Stillness (Raphah): When Faith Puts It Down

Stillness (Raphah): When Faith Puts It Down

We’re on Day 4 of our 14-Day Fast, and today’s focus—and reading—is “Stillness.” It starts us right where God often starts when He wants to recalibrate a soul: not with a to-do list, but with a command that cuts through noise.

“Be still, and know that I am God.” (Psalm 46:10)

Most of us hear that verse like a gentle suggestion—calm down, breathe, try to feel peaceful. But after reading it, something in my spirit wouldn’t let me treat it like a "heartwarming" moment of serenity. I felt pushed to slow down and look closer, because sometimes what we call “stillness” is really just a dressed-up form of avoidance. And sometimes what God calls “stillness” is a decisive act of surrender.

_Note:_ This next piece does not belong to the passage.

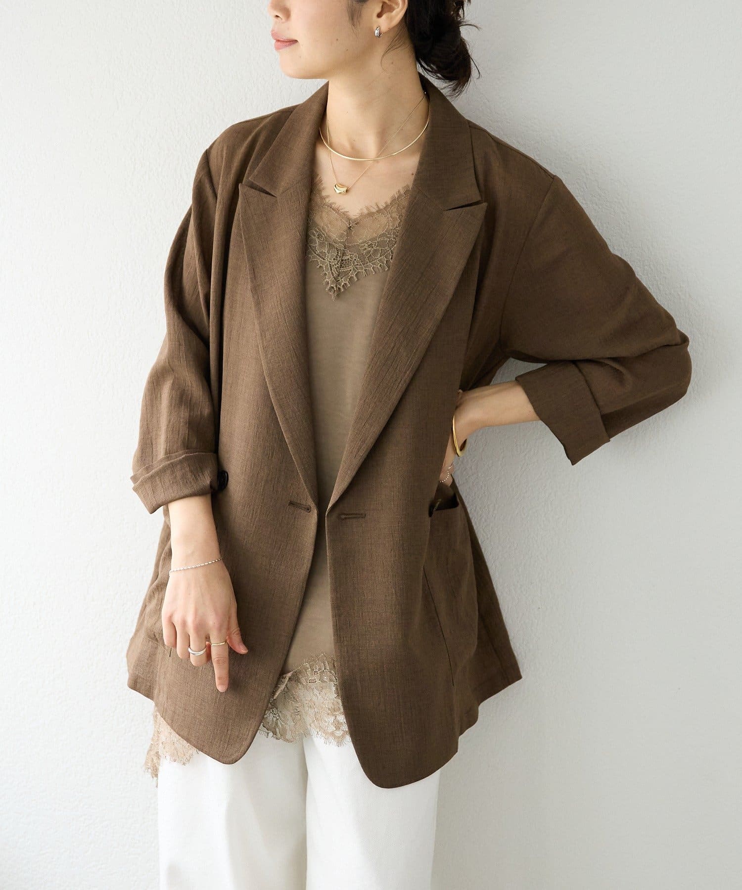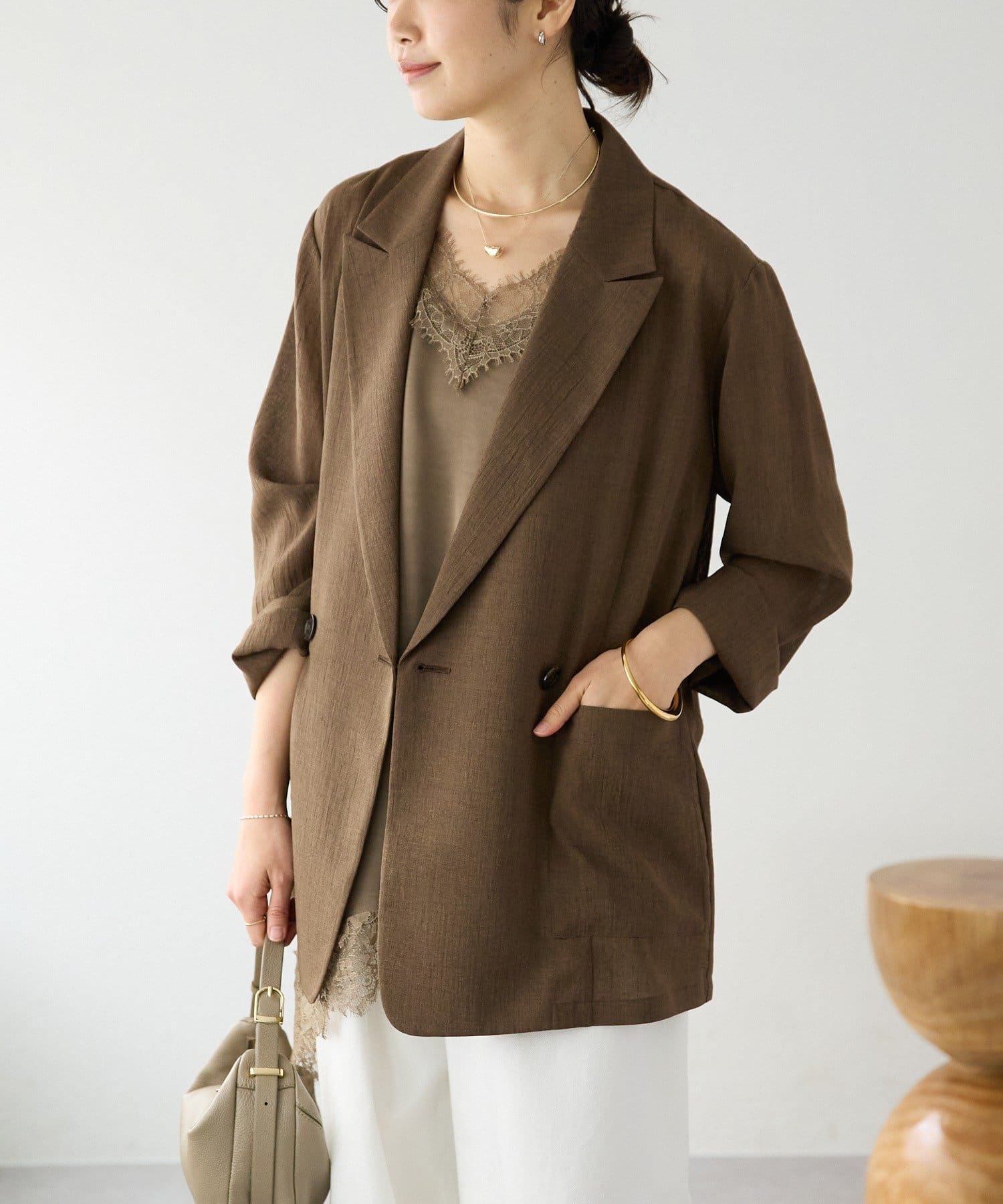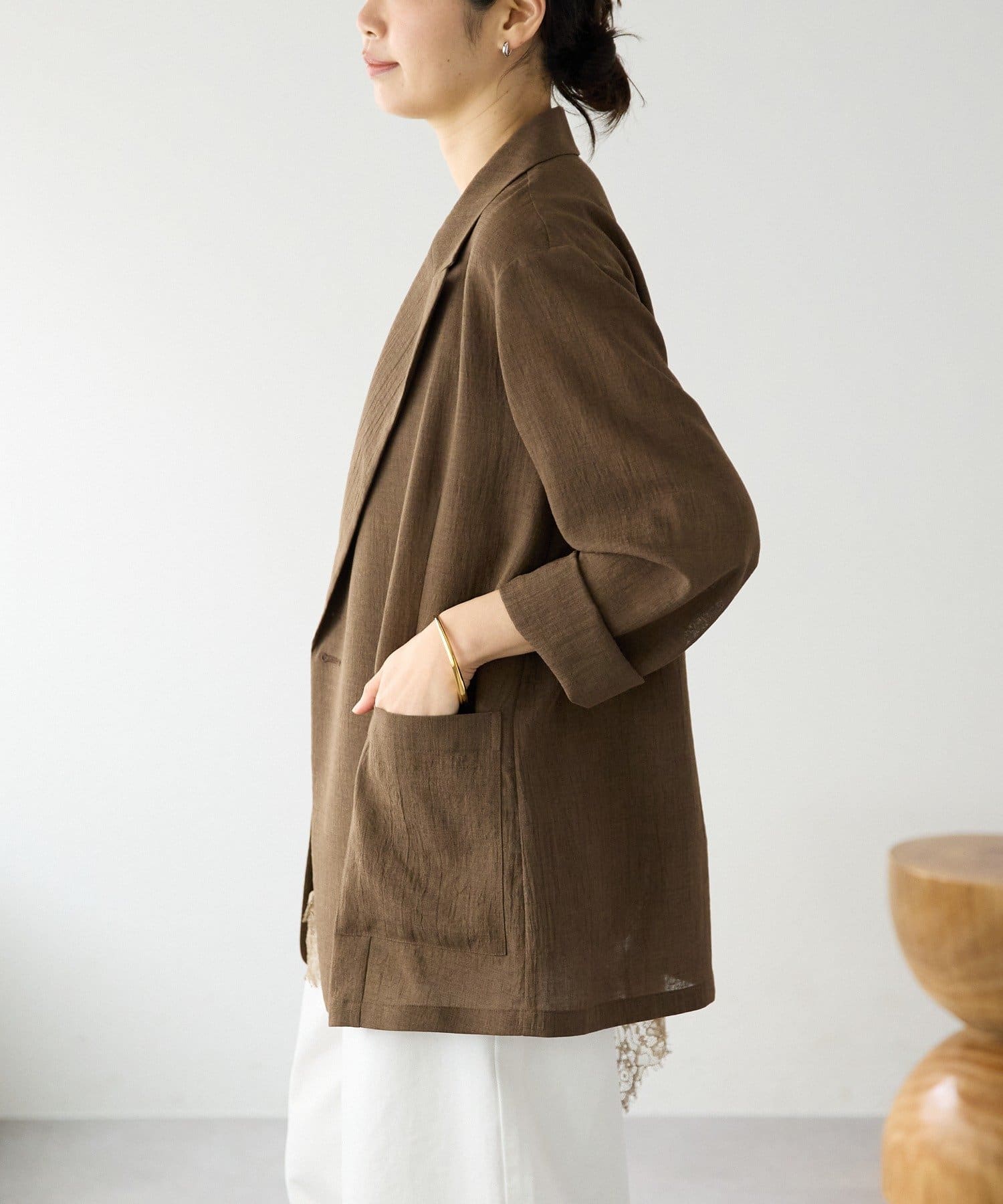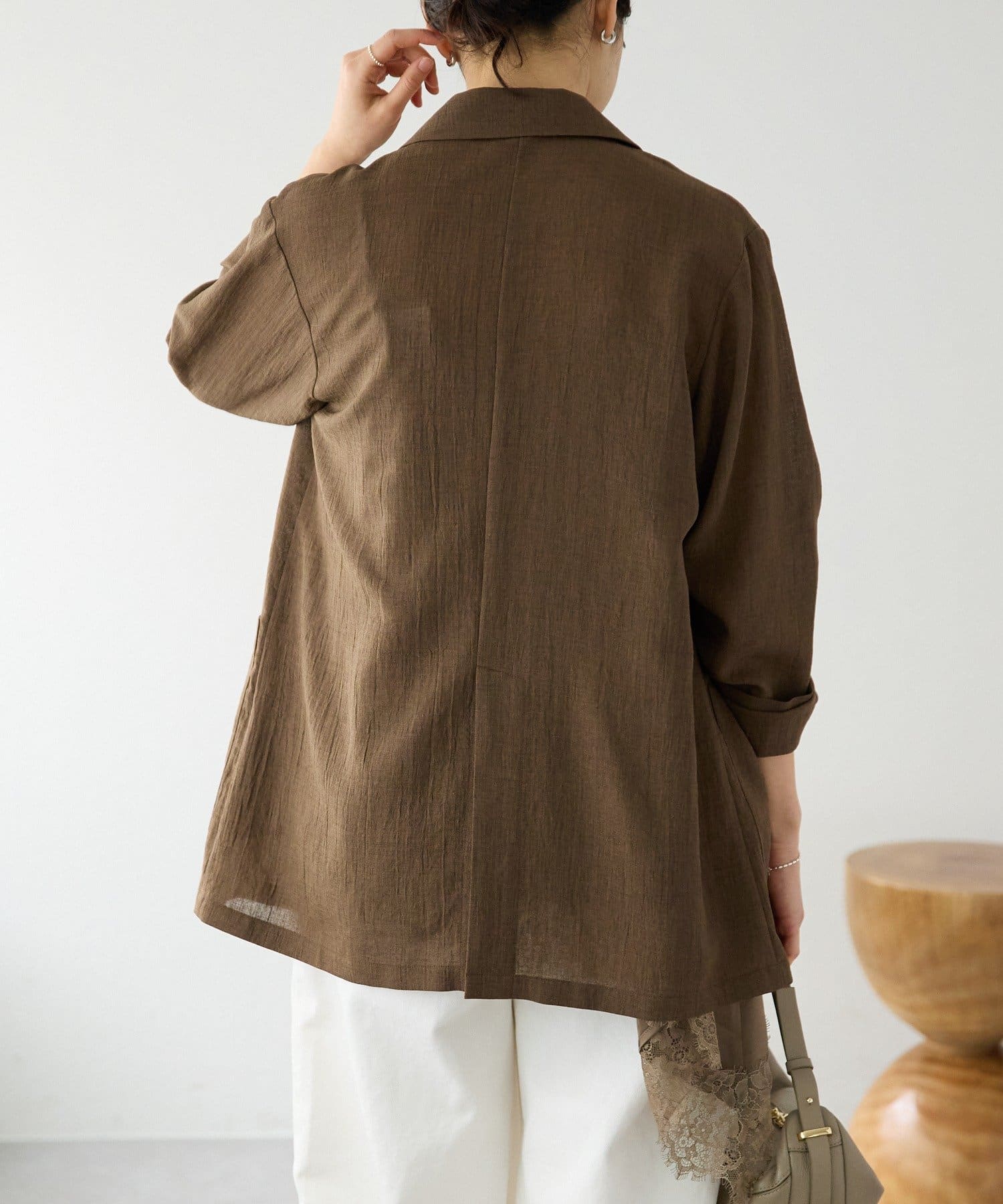 凹凸のある表情とナチュラルな透け感が涼しげな印象のジャケット。

In Psalm 46:10, the Hebrew word translated “be still” is רָפָה (raphah). It isn’t a noun, and it isn’t a mood. It’s a verb—and in this verse, it’s used as an imperative, a direct command.
That means Psalm 46:10 isn’t mainly telling you what to feel. It’s telling you what to do.
Raphah carries the sense of letting go, releasing, ceasing, loosening your grip.

So the verse hits different when you hear it the way the word reads:
  • Stop striving.
  • Stop gripping.
  • Stop forcing outcomes you were never built to carry.

And if you need a picture of what that kind of surrender looks like, Scripture gives us one through Moses and the rod.

In Exodus 4, Moses is holding a staff—his rod. It’s familiar. Useful. It represents what he’s leaned on and carried through life. God asks him a simple question: “What is that in your hand?” Moses answers, “A staff.” (Exodus 4:2)

Then the Lord tells him something that doesn’t sound profound—it just sounds risky:
“Throw it on the ground.” (Exodus 4:3)

Moses obeys. He lays it down. He releases it. And immediately, the staff becomes a serpent. The text says Moses ran from it—the first time he lets go, what he was holding suddenly looks dangerous. (Exodus 4:3)

That moment exposes something in us: sometimes we hold on because we’re afraid of what will happen if we release it. We don’t just fear losing control—we fear what our “control” has been hiding. We fear what might surface when we finally put it down.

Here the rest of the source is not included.